2Dimensional Array Pointer manipulation in C++

Question

int main(){
    int a[10][10];
    int **ptr =(int **)a;
    cout<<a<<endl<<ptr<<endl;
    cout<<*a<<endl<<*ptr<<endl;
    return 0;
}

Output of this code on my computer is

0021FC20
0021FC20
0021FC20
CCCCCCCC

Why is "a" equal to "*a"? why isn't *a equal to *ptr?

Answer 1

Why is a equal to *a?

When used in a context that requires a pointer, an array will be converted to a pointer to its first element. a is an array of arrays; so it will decay to a pointer to the first array. *a is the first array, and will decay to a pointer to the first integer in that array. Both of these exist at the same location, so the two pointers will have equal values.

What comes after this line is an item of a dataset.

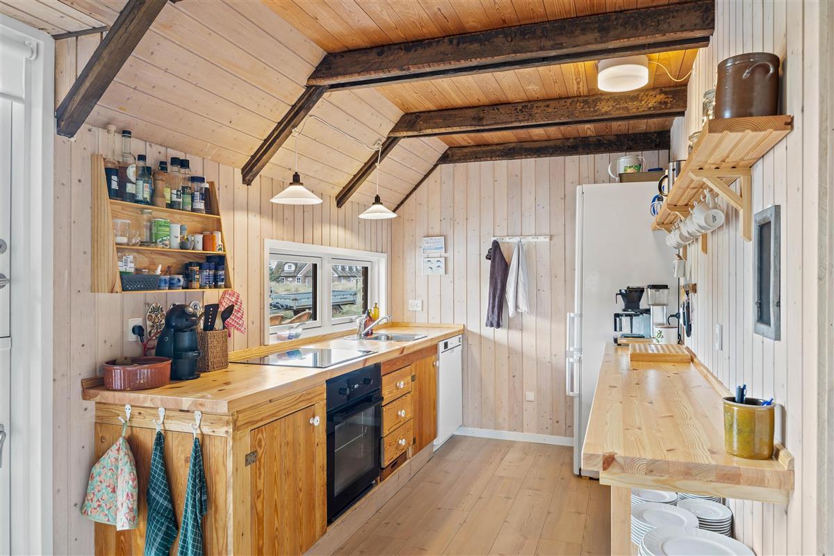 "Hygge" - the Danish art of cosy living - is the theme of this thatched roof house at Fyrvej 56, partially renovated in 2022/2023. You'll feel at home the moment you arrive. The 150 square metres of living space is spread across two floors. The ground floor is perfect for spending time together, with exposed roof beams creating a special atmosphere in the living area. Make yourself comfortable on the sofa by the crackling wood-burning stove and enjoy your Danish holiday with movie nights or board games. The first floor also offers cosy seating areas, including a sofa corner with a flat-screen TV - perfect for moments of quiet relaxation.

why isn't *a equal to *ptr?

Because the conversion from an array of arrays, to a pointer-to-pointer, is not valid. You have forced the conversion using a cast - the dangerous C-style cast, which in this case acts like reinterpret_cast - so *ptr will read the first few bytes of the array and interpret that as a pointer (probably - the behaviour here is undefined, so in principle anything could happen). There is no pointer in the memory pointed to by ptr, so *ptr will certainly not give you a valid pointer.

Answer 2

Why is a equal to *a?

Since you cannot print an array, a is implicitly converted from int[10][10] to int(*)[10]. So what actually gets printed instead of a is a pointer to the first line of a.

*a is the first line of the array, and that in turn gets converted to a pointer to the first element.

Since an array has the same address as its first element, you get the same value twice.